At the Commission’s first meeting on November 20, 2015, at the House of the Academy in Cambridge, the members discussed the issues they would like the Commission to address and what challenges they believed the project needs to meet in order to be successful. The conversation led to a series of ambitious and thought-provoking observations: how, for example, can we say who is being served well by higher education without getting more clarity about what a higher education is supposed to accomplish? While there is a great deal of attention paid to the outcomes of college, there is much less public attention to the process of college education itself – how does learning come about for students, and how do educational experiences in and out of the classroom shape those results? Commissioners noted that historically an important purpose of higher education has been to help form good citizens and foster social progress, and in a society like ours that remains deeply divided on fundamental matters including race, economic inequality, and the global phenomenon of climate change, this purpose remains important and must be addressed.

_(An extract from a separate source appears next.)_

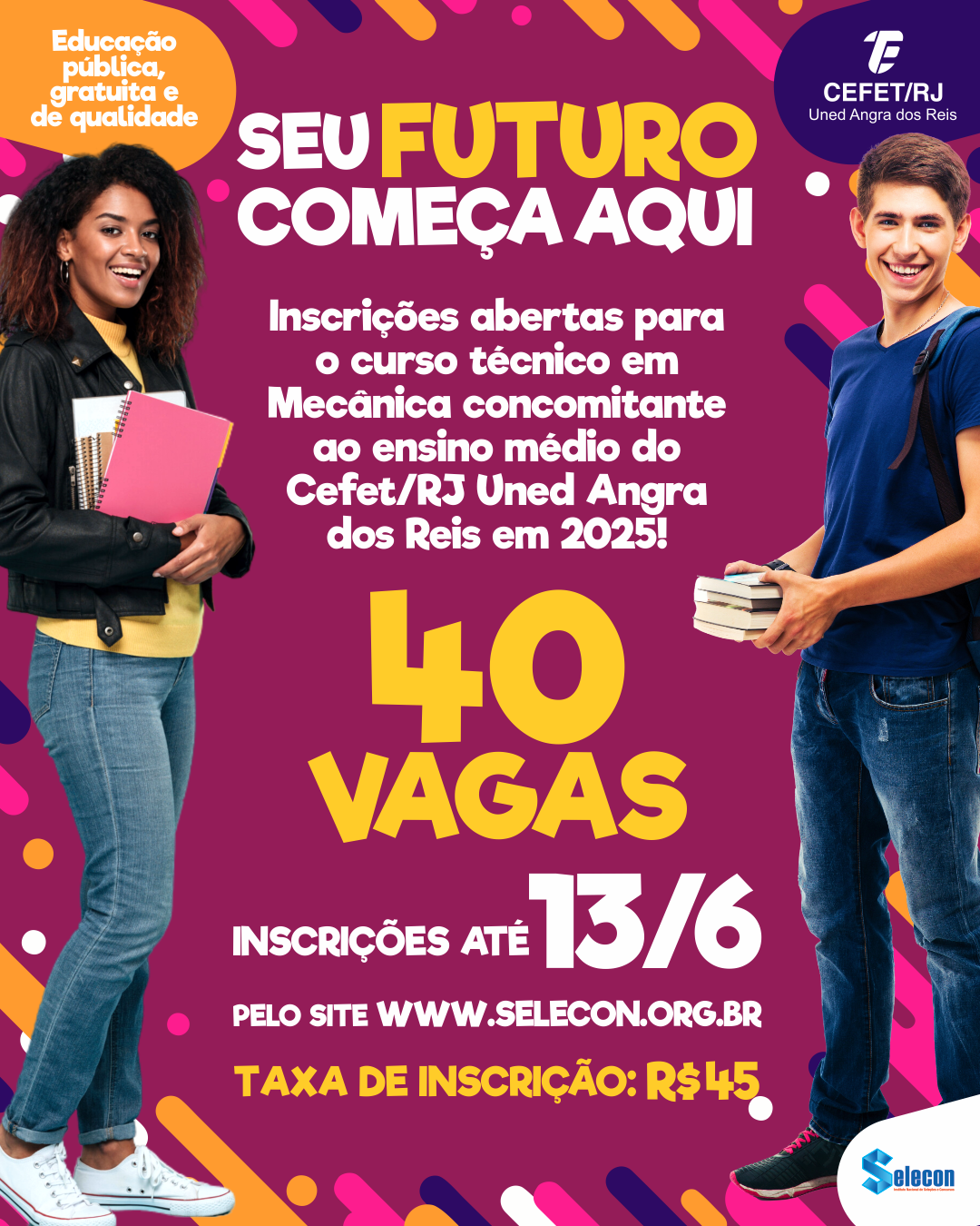 A Uned Angra dos Reis abriu edital para seleção de alunos para o curso técnico em Mecânica na modalidade concomitância externa. São oferecidas 40 vagas no total, sendo 20 para ampla concorrência e 20 para candidatos que cursaram integralmente o ensino fundamental na rede pública, distribuídos entre oito grupos, conforme edital.

Another theme raised at the meeting was that, after the expansion of opportunity brought about by the introduction of federal student aid grants and loans in the 1970s, the ranks of college students expanded to include a significant number of adult students over the age of 24. These adult students consistently make up roughly a third of the undergraduate population. Their education goals and the obstacles in accomplishing them tend to differ substantially from those of recent high-school graduates. In addition, the Commissioners raised issues of cost and affordability.

With these questions and challenges in mind, the Commission is beginning to develop a data-rich portrait of American postsecondary education. This primer will convey the story of the major themes and trends in undergraduate education through the framework of the contemporary student journey into, through, and out of college. Scheduled for release later this year, the primer will serve both as a foundation for the Commission’s larger work and as a valuable resource for a broad public audience.